I believe this should go to a global gitignore file as well.

Remove local gitignore

Build is green

Patch application report for D6594 (id=23958)

Rebasing onto c29ee2787e...

Current branch diff-target is up to date.
Changes applied before test
commit c8e2f64e012a5fa10bfaa5c770300b20e3db49f9
Author: Andrey <andreystar2403@gmail.com>
Date:   Mon Nov 1 22:58:32 2021 +0300

    Add tests for forward/backward loaded directions.

commit 6653cf77b3ecab35aa0e58d76a40e2c9091ae75c
Author: Andrey <andreystar2403@gmail.com>
Date:   Mon Nov 1 15:26:27 2021 +0300

    Throw exception, if the loaded direction doesn't match query, or transpose/symmetrize is called on a single loaded graph.
    If only single direction is loaded default the query param to chosen direction.

commit 7e40071c2e76a05ca4639577a3bc3bf406effe28
Author: Andrey <andreystar2403@gmail.com>
Date:   Mon Nov 1 12:53:53 2021 +0300

    Pass 'both' direction wherever a graph was constructed.
    Not adding an overload which defaults to 'both', because having to explicitly set the value makes you asses which option fits best.

commit 198eb8256bdca4b2d64726e378619df4e87685d5
Author: Andrey <andreystar2403@gmail.com>
Date:   Mon Nov 1 12:50:12 2021 +0300

    Pass direction parameter to Graph constructor and load the directions into memory conditionally.

commit 4a60870a71d751b7559a1bc2c733e3340b05e5da
Author: Andrey <andreystar2403@gmail.com>
Date:   Mon Nov 1 10:20:11 2021 +0300

    Add 'direction' server option to specify which graph directions should be loaded into memory (forward|backward|both) defaulting to 'both' of not provided.

See https://jenkins.softwareheritage.org/job/DGRPH/job/tests-on-diff/138/ for more details.

Hey! Thanks for this initial diff.

I think we're adding too much behavior to this class, it's starting to look like spaghetti code.

The design I had in mind was to split the SwhGraph into two different layers:

  • a SwhGraph interface that will contain the swh-specific metadata handling (node types, SWHIDs etc)
  • a BidirectionalGraph interface on top of ImmutableGraph that will take a graph and its transposed version, and define indegree(), predecessors() and transpose().

Using this, we could:

  • Have a generic bidirectional graph by using a SwhGraph(BidirectionalGraph(graph, graph_transposed))
  • Have a swh-specific unidirectional graph, either forward or backward, by using a SwhGraph(graph) or a SwhGraph(graph_transposed)
  • Have a swh-specific bidirectional graph by using a SwhGraph(BidirectionalGraph(graph, graph_transposed))

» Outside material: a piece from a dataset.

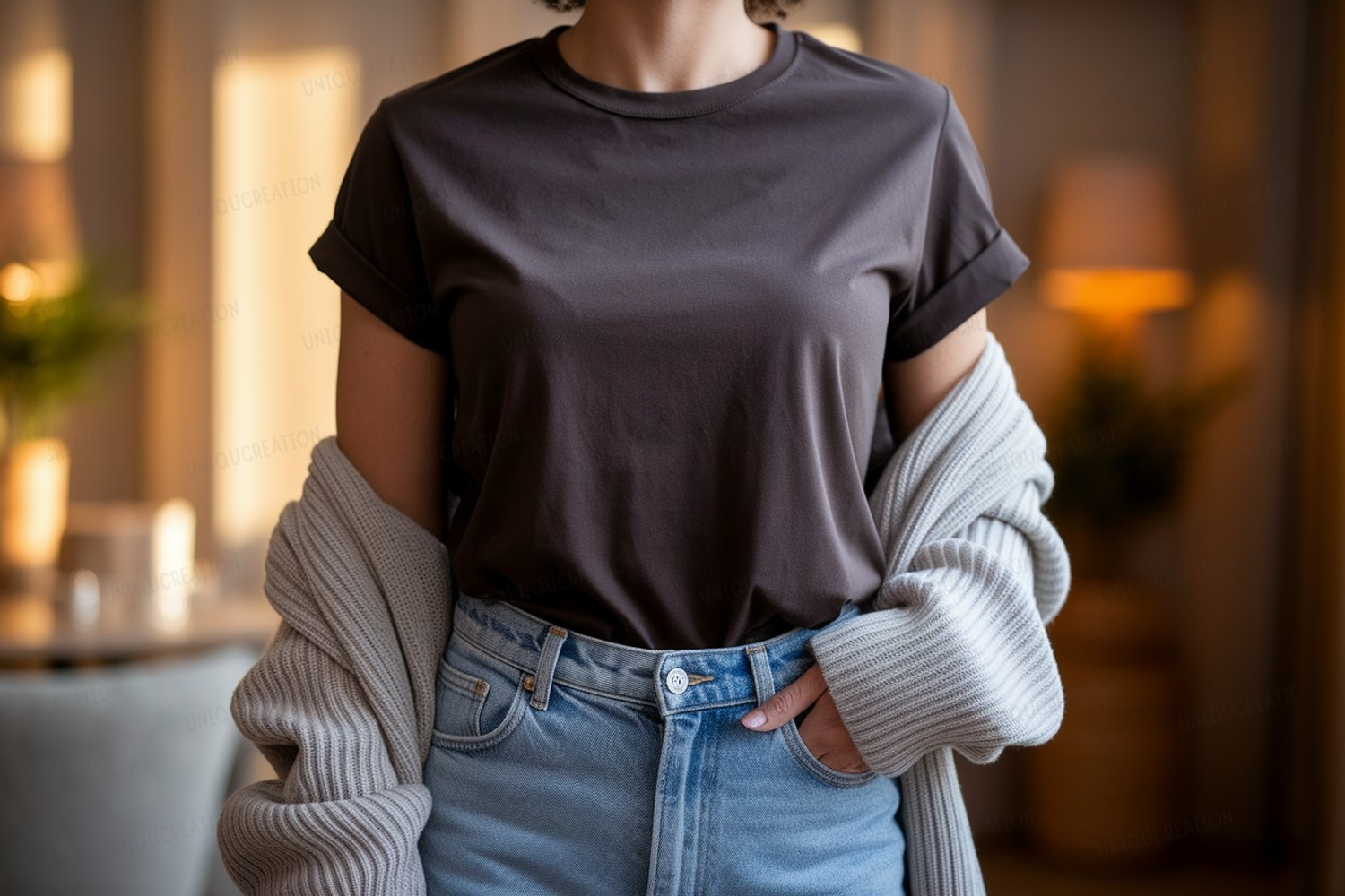 Fashion Shirt Clothing Casual Mockup Apparel Blue Jeans Grey T

Note: I don't know yet what is the correct data model to implement this in Java as I'm not too proficient with interfaces/mixins.

@andrey-star if you want to have a shot at it you can go ahead, otherwise I'll try to implement that in the coming weeks. It's not a mandatory assignment, your initial proposal is already great! I'd just rather directly merge the correct design if it's not an immediate blocker for other things.